After flight 107 from Buffalo lands safely with no crew or passengers on board, the FAA sends Grant Sheckly, an inspector with 22 years of experience and a flawless record of solving cases, to investigate the matter. He is assisted by the airport staff — Vice President Bengston, PR man Malloy, mechanic Robbins, and ramp attendant Cousins — but despite their combined efforts, no one can explain how an empty plane could safely land and taxi to a stop.
The investigation continues to prove fruitless until Robbins remarks about the plane's blue seats, which puzzles Sheckly since he remembers them as being brown when he entered the plane. Bengston says they were red. When they examine the plane's tail and each see different registration numbers, Sheckly comes to a conclusion: the plane is not real but merely an illusion.
To prove his theory, as well as to break the illusion, Sheckly proposes a simple but potentially fatal test: he will put his arm in the path of the plane's running propeller. Despite the objections, he convinces the staff to go along with it, and Robbins starts the plane's engines. After some hesitation, Sheckly places his arm directly into the path of the spinning propeller; just as he predicted, his arm remains completely intact, and the plane vanishes.

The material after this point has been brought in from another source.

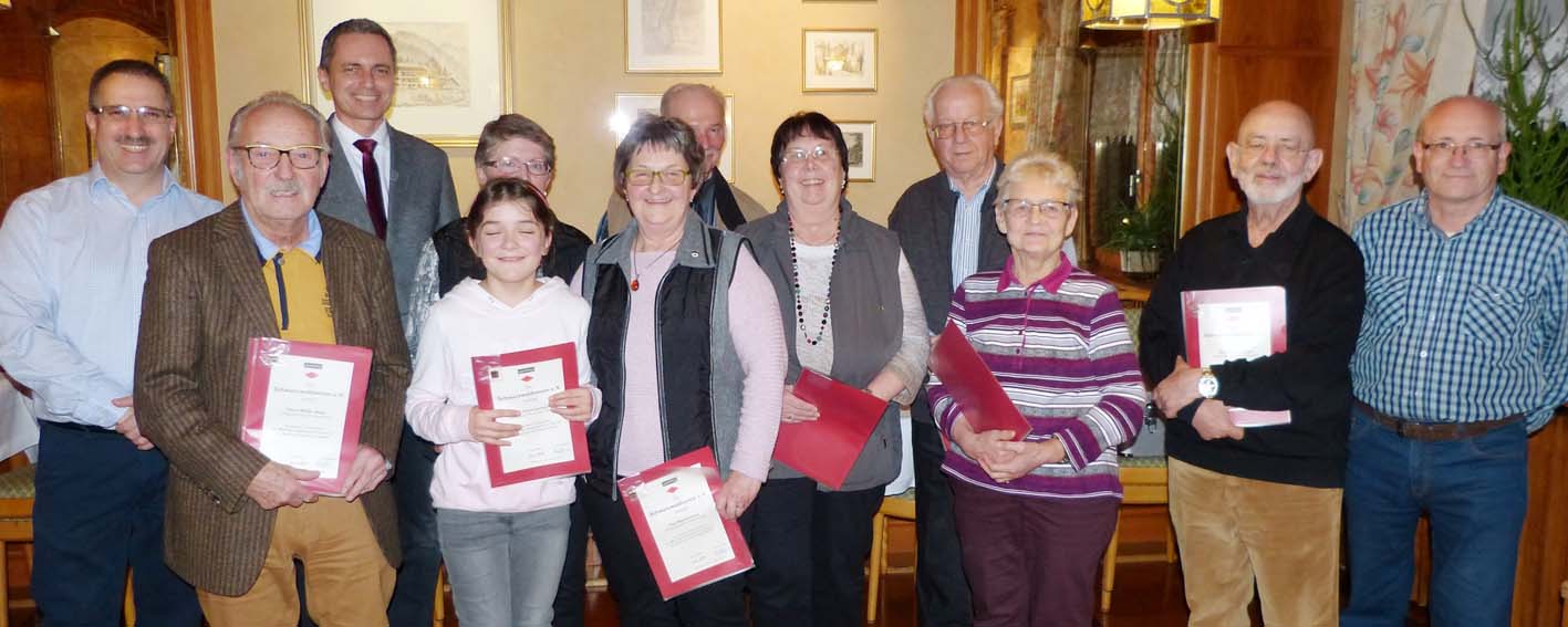 Für ihre Arbeit dankte der Vorsitzende seinen Vorstandskollegen, die sich unter der Federführung des Bürgermeisters denn auch einstimmig von den Anwesenden entlastet und in ihrem Amt bestätigt sahen. »Wir haben eine große Verantwortung für den Schwarzwald«, fasste Manfred Brosamer zusammen. »Jeder, der die Natur liebt, hat einen Grund für eine Mitgliedschaft im Schwarzwaldverein.« Umso mehr freute es ihn, dass 15 Mitglieder seit inzwischen 40 Jahren dem Verein ihre Treue halten, weitere neun erhielten eine Ehrung für eine seit einem Vierteljahrhundert währende Mitgliedschaft. »Wir brauchen Euch«, unterstrich der Vorsitzende und dankte jeweils mit einer Ehrenurkunde, der Ehrennadel sowie einem Weinpräsent.

However, when Sheckly turns to reassure the others, he is met only with silence, as they each disappear just as the plane did.

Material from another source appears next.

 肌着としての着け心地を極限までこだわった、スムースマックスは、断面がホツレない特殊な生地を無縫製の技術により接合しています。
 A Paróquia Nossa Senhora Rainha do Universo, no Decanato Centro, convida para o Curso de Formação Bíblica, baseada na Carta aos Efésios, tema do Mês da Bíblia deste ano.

Calling out for the staff, Sheckly makes his way back to the Operations room and meets up with Bengston and Malloy, only to discover that they have no recollection of the empty plane or Sheckly's investigation. When asked, Bengston states that flight 107 from Buffalo landed safely with full crew and passengers and shows him a newspaper article to prove it, but further questions by Sheckly reveal that the only plane that the airline ever lost was a flight 107 from Buffalo, about 17 or 18 years ago. The case had been investigated by Sheckly but was never solved, the only case he never figured out, closed as "presumed crashed for reasons unknown." Sheckly slowly makes his way out of the Operations room, weakly repeating that he has a perfect record of solving cases. As he wanders through the airfield he calls out, demanding to know where flight 107 is, what happened to it, and why it went down. "Why didn't you ever tell anyone what happened to you?", he asks, then he sags onto the runway as the sound of an aircraft engine is heard above him.